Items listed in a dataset
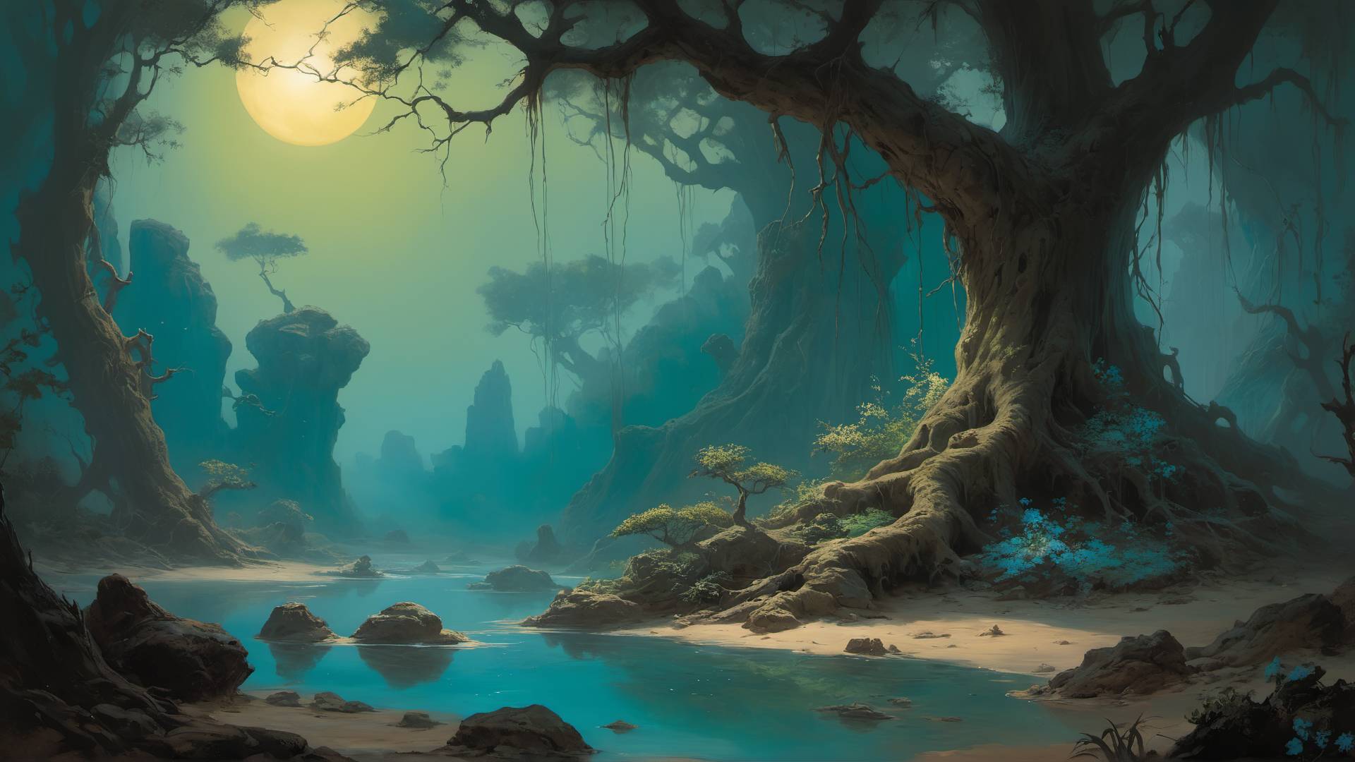 famous artwork by (chuck lukacs:1.1) and (frank frazetta:1.3) and (artgerm:1.4) and (jae cheol park \(valentina kallias\):1.3), detailed expressive eyes, fantasy style, the mysterious soulless swampgrabber, a karvyturbled monster ermerging from the depths of the misty slormspiggled swamps of planet monklurk ii, shown here with its flurbguzzled tentacles glistening in the moonlight as it zorgbaffles, twisting trees and prodimanting the will-o'-the-wisps in its vicinity., (Oil painting) (by Jean-François Millet), (by Gustave Courbet) , (by Jules Breton), close up, dark fantasy, <lora:add-detail-xl:2>, oil painting, traditional media, realistic, ,A breathtaking desert oasis landscape, where a massive and ancient megaflora thrives in the midst of barren sand and rocky terrain. The lush greenery of the megaflora serves as a stark contrast to the dusty ochre hues of the surrounding desert, creating a visual feast for the viewer. The massive trunks and towering branches of these unique trees stretch skyward, forming a canopy that provides welcome shade from the relentless sun. Delicate leaves and vibrant flowers adorn the trees, swaying gently in the warm breeze. A sparkling blue-green pool, fed by a bubbling natural spring, sits at the center of the oasis, surrounded by a carpet of lush vegetation.,
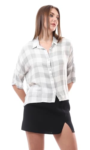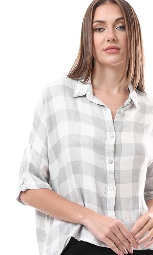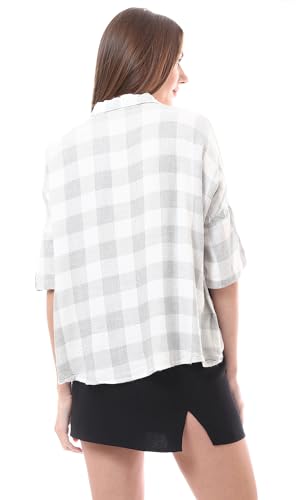 Ravin - Ravin Womens Grey & White Plaids Lightweight Summer Shirt Modern
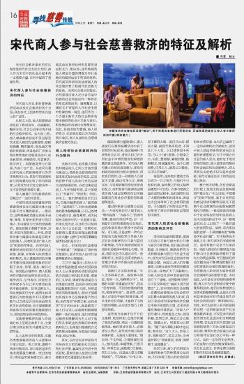 宋代商人參與社會(huì)慈善救濟(jì)的特征及解析
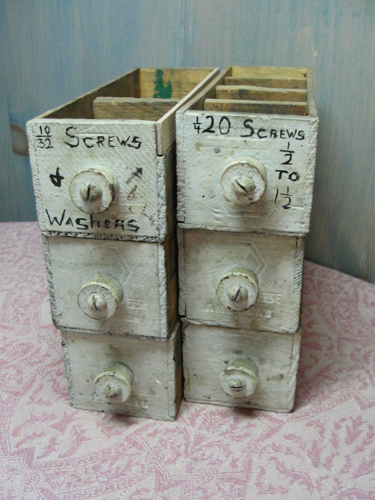 Title (ebay affiliate link): 6 Vintage Kraft American & Pimento Cheese Wood Box Drawers with Spool Handles
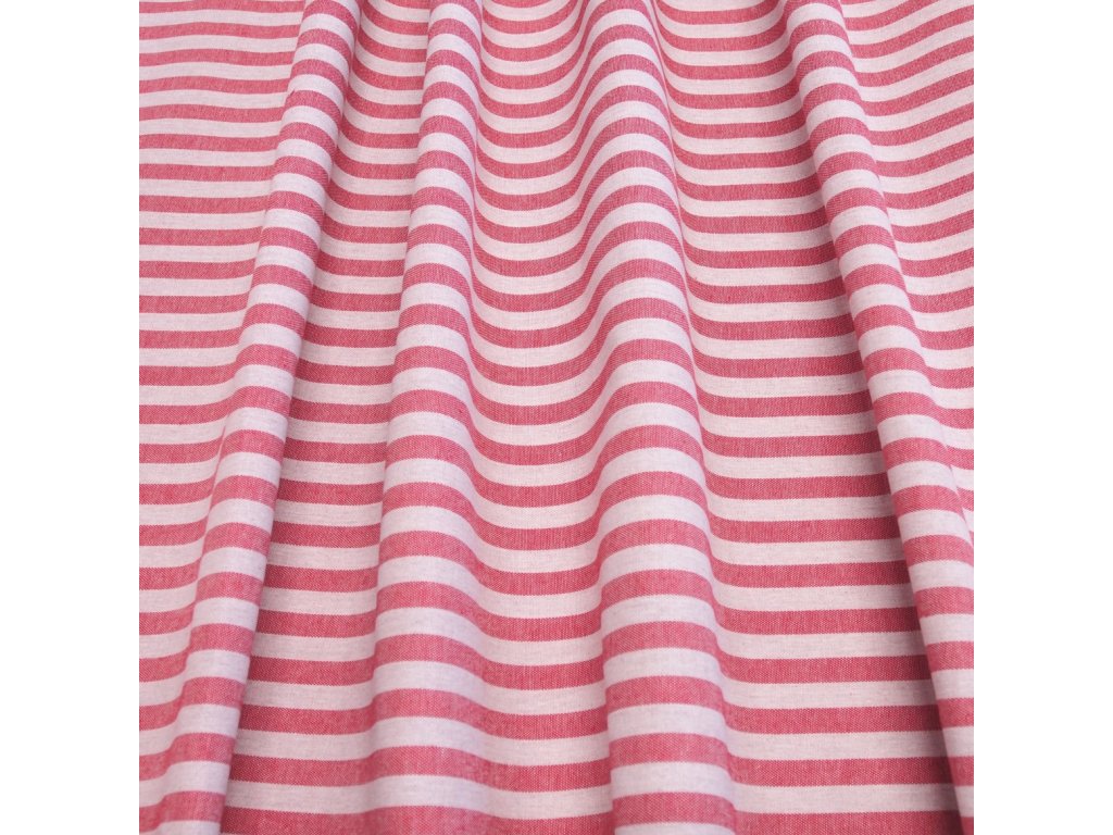 Proužkovaná látka je vyráběna v šíři 140 cm, je vyrobena z materiálu 80% bavlna a 20% polyester.
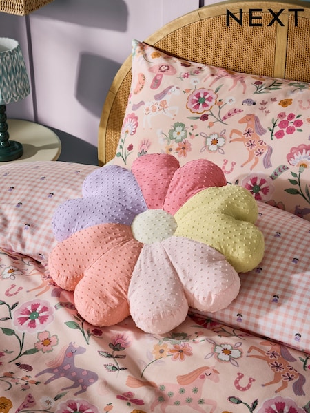 Pink Textured Daisy 100% Cotton Cushion
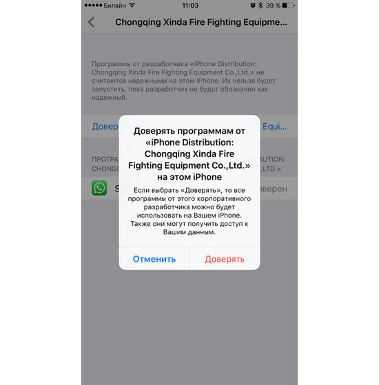 Шаг 6: iOS откроет диалоговое окно, которое предложит поставить на устройство сертификат разработчика. Подтвердите установку, нажав кнопку «Установить».
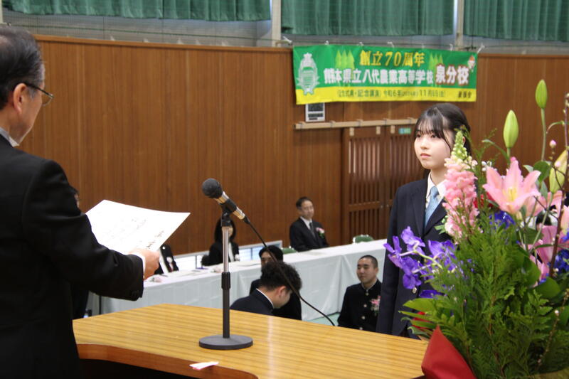 去る3月1日、令和7年度熊本県立八代農業高等学校泉分校卒業証書授与式が挙行されました
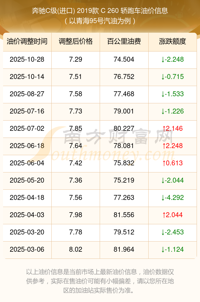 按照10月28日95號(hào)汽油最新調(diào)整價(jià)格7.29元/升來(lái)計(jì)算(以青海為例),該車型百公里平均油費(fèi)為74.504元,按照上一輪10月14日調(diào)整價(jià)格7.51元/升來(lái)計(jì)算,百公里平均油費(fèi)為76.752元,對(duì)比上一輪少花2.248元,下一輪油價(jià)調(diào)整時(shí)間為11月10日24時(shí)。
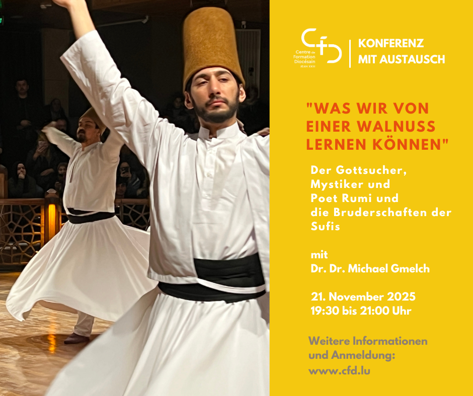 Le mystique soufi Rumi, connu dans le monde entier, est l'un des plus grands poètes persans. En 2023, ses disciples ont célébré le 750e anniversaire de sa mort dans le monde entier. Il est surtout connu pour ses poèmes d'amour sensuels et érotiques et pour les derviches tourneurs. De nos jours, de nombreux chercheurs spirituels trouvent chez lui des réponses qui les encouragent et les guident. Michael Gmelch a rendu visite à des confréries soufies dans différents pays. Il se demande : quelle contribution peuvent-elles apporter aux personnes intéressées par la spiritualité qui ne cherchent plus (uniquement) l'expérience de Dieu dans les églises ? Il lit des extraits de son dernier livre : « Wirbeltanz im Wartesaal der Ewigkeit » (Danse tourbillonnante dans la salle d'attente de l'éternité).
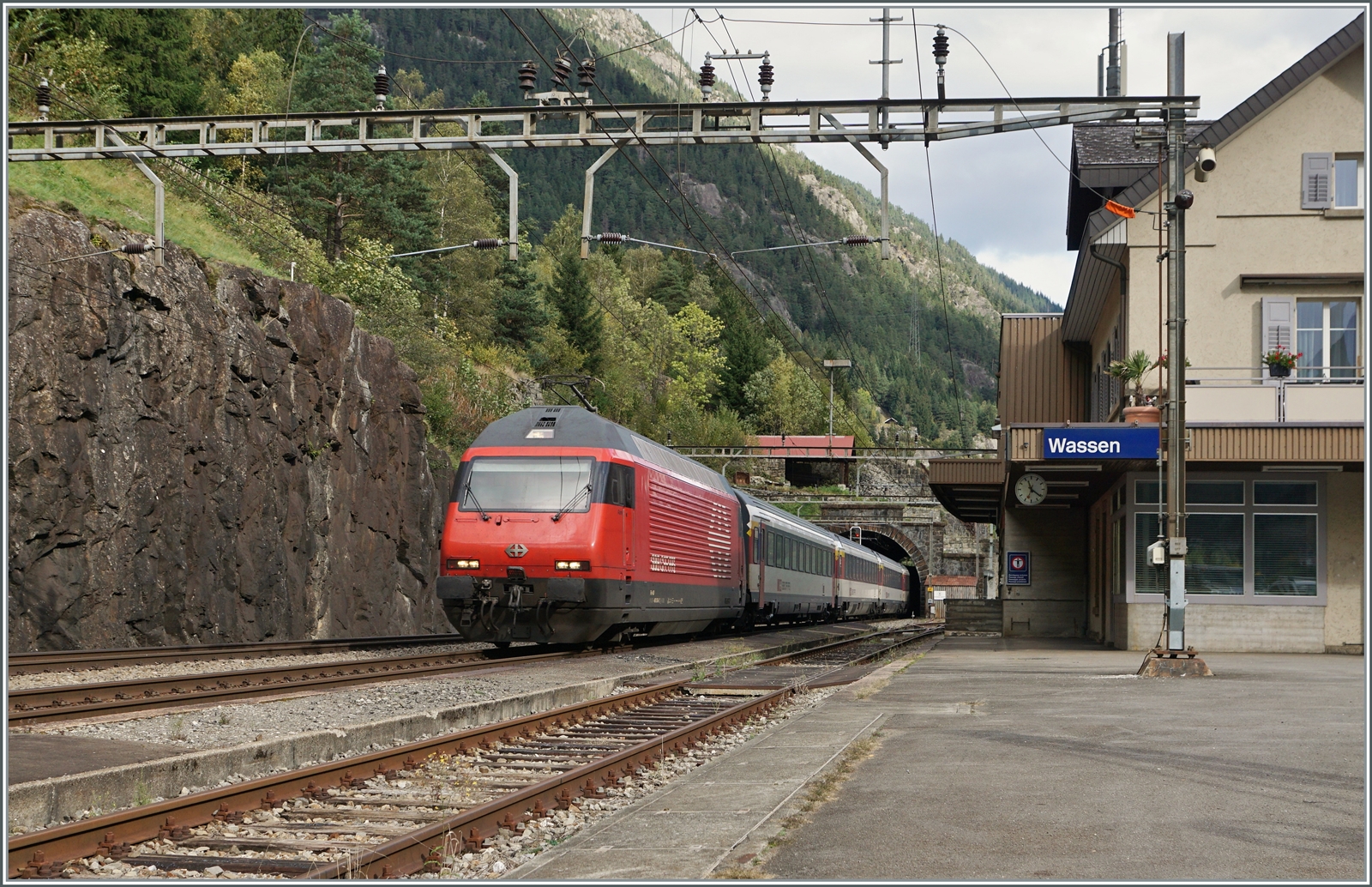 Die SBB Re 460 034 ist mit ihrem EC 10156 in Wassen auf dem Weg von Lugano nach Basel SBB.
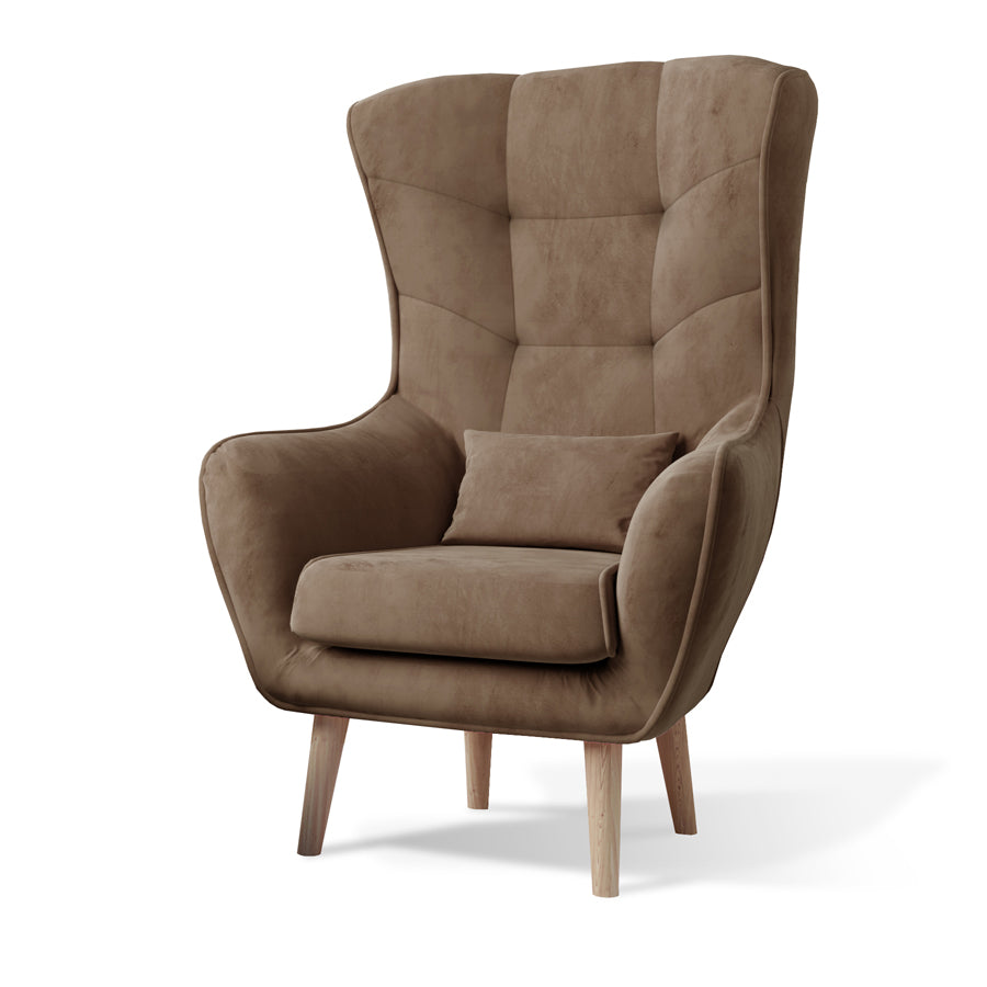 Fotel Arti jest zaprojektowany tak, aby wpisał się w obowiązujący skandynawski design, ale dzięki swojej ponadczasowej formie idealnie będzie też pasował do wnętrz klasycznych. Jego wysokie oparcie i drewniane nogi nadają mu elegancji, a zarazem zapewniają doskonały komfort. Drewno użyte w meblach sprawia, że czujemy się bliżej natury oraz zapewniamy sobie wyjątkową atmosferę wnętrza.

Work order
Exactly reproduce the lines above, starting at the one that contains "Title (ebay affiliate" and ending at the one that contains "Шаг 6: iOS откроет", both inclusive; leave the pictures out and add no other lines.

Result below
 Title (ebay affiliate link): 6 Vintage Kraft American & Pimento Cheese Wood Box Drawers with Spool Handles
 Proužkovaná látka je vyráběna v šíři 140 cm, je vyrobena z materiálu 80% bavlna a 20% polyester.
 Pink Textured Daisy 100% Cotton Cushion
 Шаг 6: iOS откроет диалоговое окно, которое предложит поставить на устройство сертификат разработчика. Подтвердите установку, нажав кнопку «Установить».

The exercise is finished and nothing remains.